11.From your experience in the entertainment industry what advice could you offer people looking to get where you are today?

Know God. Some people say Creative Intelligence, Providence, etc. Whatever name you use for your higher power, know it and call on it often. It will direct your creative energy.

Carve your own path with your destination clearly in mind. Know your strengths. Travel with people who are smarter than you in your areas of greatest opportunity. Join forces with folks who will have your back. Know that where I am is just a point on my unique path. I am on my own journey to a different destination. Be confident in your unique path.
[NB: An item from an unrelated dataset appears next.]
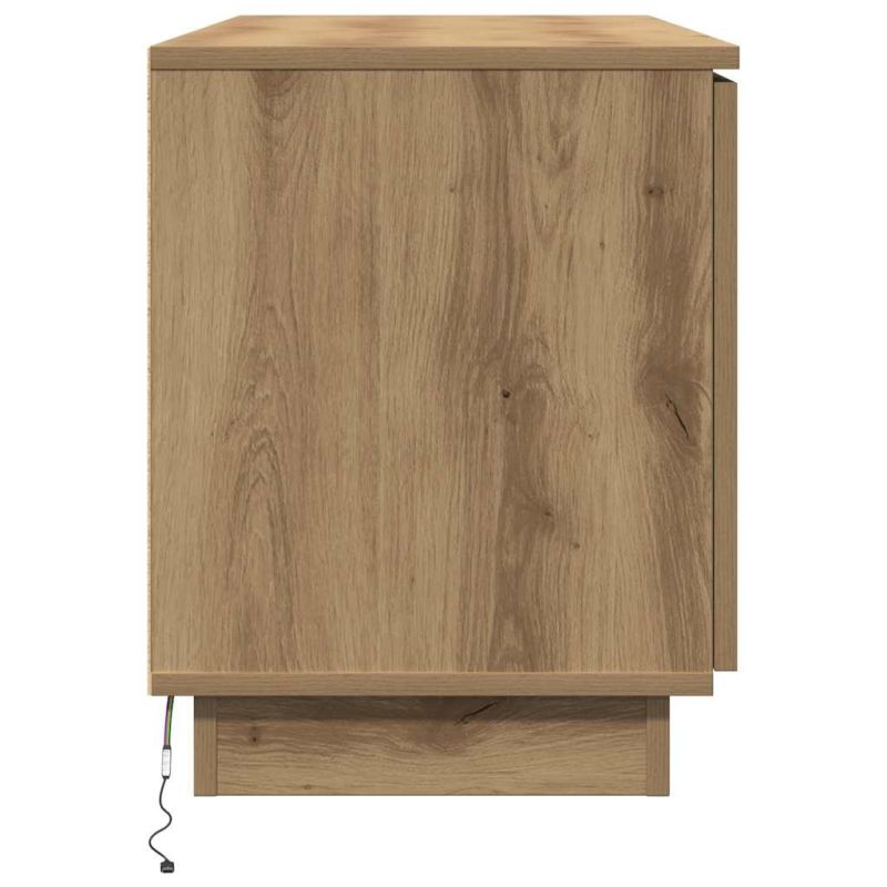 Този ТВ шкаф е перфектен за всеки, който иска да обнови дневната си. С модерен и елегантен дизайн, той предлага проста и функционална рамка, която идеално се вписва в минималистични и съвременни интериори. Гладката повърхност от инженерен дървен материал придава изискван вид, който лесно се комбинира с различен декор, като съчетава стил с удобство. Освен това, шкафът има LED осветление, което добавя шушулки на изтънченост, докато осигурява атмосферен светлик, който подобрява всяко изживяване при гледане. Изработка от инженерна дървесина: Изработен от здрав инженерен дървен материал, шкафът предлага дълготрайност и красиво покритие. Материалът е избран заради силата и устойчивостта си на деформация, гарантирайки стабилност при различни условия със стилен вид. Функционални LED светлини: Вградените LED ленти предлагат разнообразни осветителни опции, осветявайки дискретно зоната около вашия телевизор. Идеални за кино вечери или акцентно осветление, те подобряват атмосферата, без да тежат на помещенията. USB свързаност: Шкафът е с USB портове, които предлагат гъвкав и енергийно ефективен начин за работа на осветлението. Тази свързаност осигурява лесна интеграция с вашата съществуваща технологична установка. Просторно съхранение: С различни отделения, шкафът предлага достатъчно място за медийни устройства и аксесоари. Правоъгълната форма осигурява ефективна организация, която помага да поддържате дома си подреден. Детайли за сглобяване: Нужни са двама души и отвертка за сглобяване, осигурявайки стабилно и сигурно строителство, което отлично допълва елегантния им вид. Моля, обърнете внимание, че трябва да използвате само сертифициран вход DC 5V. По-високото напрежение може да доведе до прегряване и повреда на устройството и потенциален риск от пожар. Не свързвайте този продукт към захранване, различно от описаното в ръководството, на табелката с данни или изрично препоръчано от vidaXL. Този уред не трябва да се използва от деца под 15 години, както и от лица с намалени физически, сетивни или умствени способности или с липса на опит и познания относно използването на електронни уреди. Електричеството е опасно. Повредите и неправилният монтаж, употреба или модификации (подмяна на отделни компоненти) могат да доведат до повреда на уреда, което да доведе до токов удар и опасност за потребителя. Не използвайте този продукт във взривоопасна атмосфера, като например при наличие на запалими течности, газове и прах, или при температура над 50 градуса по Целзий. Не включвайте продукта, ако свързващият кабел или захранването са видимо повредени. Ако външният гъвкав кабел или захранващ кабел на това осветително тяло е повреден, той трябва да бъде заменен изключително от производителя или негов сервизен агент, или от подобно квалифицирано лице, за да се избегне опасност. Изключете захранването по време на монтажа и поддръжката. Уверете се, че крушките са изстинали. Светлинният източник на това осветително тяло не може да се заменя. Когато светлинният източник достигне края на своя живот, цялото осветително тяло трябва да се замени. Само за употреба на закрито, не използвайте този продукт на открито.

Explore your varied interests. If you go are intrigued by the lights at a concert, find the light technician and ask them a couple questions. People love to talk about their work, especially the people who the spotlight overlooks. You may learn something that will change the trajectory of your life.

Find a way for your art to serve a greater good.

Be kind to people. Be kind to people. Be kind to people….Did I say, ‘be kind to people’?

12. What courses/classes would you recommend someone take if they want to be a professional in the music industry?

Education is key. Take lots of courses in communications, business management and strategy. You need to go outside and play in the dirt too. Scrape your knees up a bit. Hard knocks that come from experience will toughen you for your journey.

13.How many years were you fighting to get to where you are today and what was that time in your life like?

Before answering this question, I thought alot about some of my contemporaries who have been in the music industry for twenty years or so. I started singing in 2005 as a junior in college. At that time, I was just a student exploring a newfound interest in making music to go with the lyrics and poetry in my journal.

14.From your experience so far, what have you found to be most challenging? And how are you dealing with it?

Being away from my family has been the greatest challenge. I spend most of my time working. I am learning to balance home life with the pace of the industry. This lesson is difficult, but I am learning.

15.Share with us your proudest moment in your career so far?

My dad called me on the day I received the GRAMMY nomination. He said, “I’m proud of you…but you know what else I’m going to say.” I said, “Yep…’Carolyn, you’re only as good as your last accomplishment.’” Knowing that my family believes in me and expects me to continue my pursuit of excellence encourages me. Fruitful belonging, knowledge of self and personal accountability give me a charge.